As a developer, I've run into the same problem countless times.
The UI is ready, but the backend isn't.
Maybe the backend team is still working on endpoints.
Maybe you're building a prototype.
Maybe you're validating an idea before investing time in a real API.
Or maybe you have a demo with a client, and you need to show something—even if it's just a mock.

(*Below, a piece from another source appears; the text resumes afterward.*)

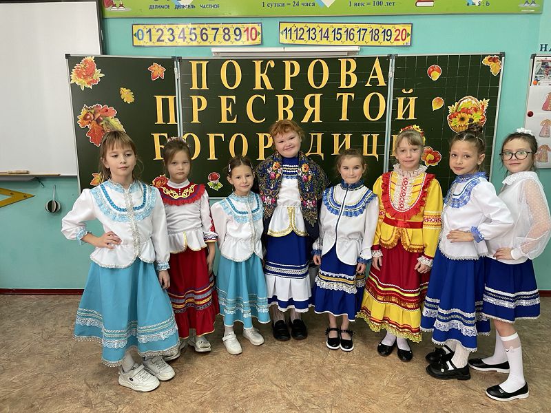 Считается, что праздник Покрова Пресвятой Богородицы пришел на Русь из Византии. Он отмечается каждый год 14 октября. Учащиеся 1 класса тоже отметили этот праздник. Ребята узнали об истории появления этого праздника и его традициях. Дети с большим удовольствием участвовали в конкурсах, отгадывали загадки, пели частушки. Было весело и интересно.

Whatever the reason, development gets blocked surprisingly often by missing backend functionality.
The Usual Options
Most developers end up doing one of these:
Option 1: Hardcoded JSON
const users = [
{ id: 1, name: "John Doe" },
{ id: 2, name: "Jane Smith" }
];
This works for a few hours—or until the next sprint, when you need to rewrite the whole logic so it actually works with a real API.
Then you need:
- Pagination
- Filtering
- Search
- CRUD operations
- Authentication
- Relationships
And suddenly your fake backend becomes a project of its own.
Option 2: JSON Server
JSON Server is great, but eventually I found myself constantly editing JSON files, creating custom routes, and manually managing relationships between resources.
Option 3: Build the Backend First
This is often the "correct" solution.
But then again, you can't really demo a backend to a non-technical stakeholder and expect them to be amazed by the work being done.
It's also the slowest approach.
What I Actually Needed
I wanted something that could generate:
- GET endpoints
- POST endpoints
- PATCH endpoints
- DELETE endpoints
- Realistic fake data
- Pagination
- Filtering
- Relationships between resources
Without writing backend code.
Example
Let's say I'm building a blog application.
I create two resources:
Users
{
"name": "string",
"email": "email",
"avatar": "image"
}
Posts
{
"title": "string",
"content": "text",
"userId": "relation"
}
A few seconds later, I have:
GET /users
GET /users/:id
POST /users
PATCH /users/:id
DELETE /users/:id
GET /posts
GET /posts/:id
POST /posts
PATCH /posts/:id
DELETE /posts/:id
With realistic generated data.
Why This Matters
The biggest advantage isn't the fake data.
It's momentum.
Frontend development can continue immediately.
Designers can review flows.
Stakeholders can click through a working product.
Mobile apps can integrate against stable endpoints.
QA can start testing.
All before a production backend exists.
And perhaps most importantly: once the real backend is ready, there are usually very few changes needed.
Maybe a URL swap.
Maybe adding or removing a header.
That's it.
Loading states, error handling, authentication, pagination, filtering, and sorting have already been implemented and tested.
Additional Features That Became Surprisingly Useful
While building my own projects, I found myself needing:
- Authentication mocking
- Scenario-based responses
- Resource relationships
- Sorting and filtering
- OpenAPI imports for existing specifications
These features made the mock API behave much closer to a real production system.
The Tool I Ended Up Building
After repeatedly solving this problem across different projects, I decided to build my own solution: RestFaker.
The goal was simple:
Generate complete REST APIs in minutes so developers can keep building instead of waiting.
It automatically creates CRUD endpoints, generates realistic data, supports relationships between resources, and provides authentication and scenario testing features.
Final Thoughts
Frontend development shouldn't stop because a backend isn't ready.
Whether you're building an MVP, testing a new idea, creating demos, or working with a distributed team, having a realistic API available immediately can dramatically speed up development.
Do you use JSON Server, Mockoon, Postman Mocks, custom Express servers, or something else?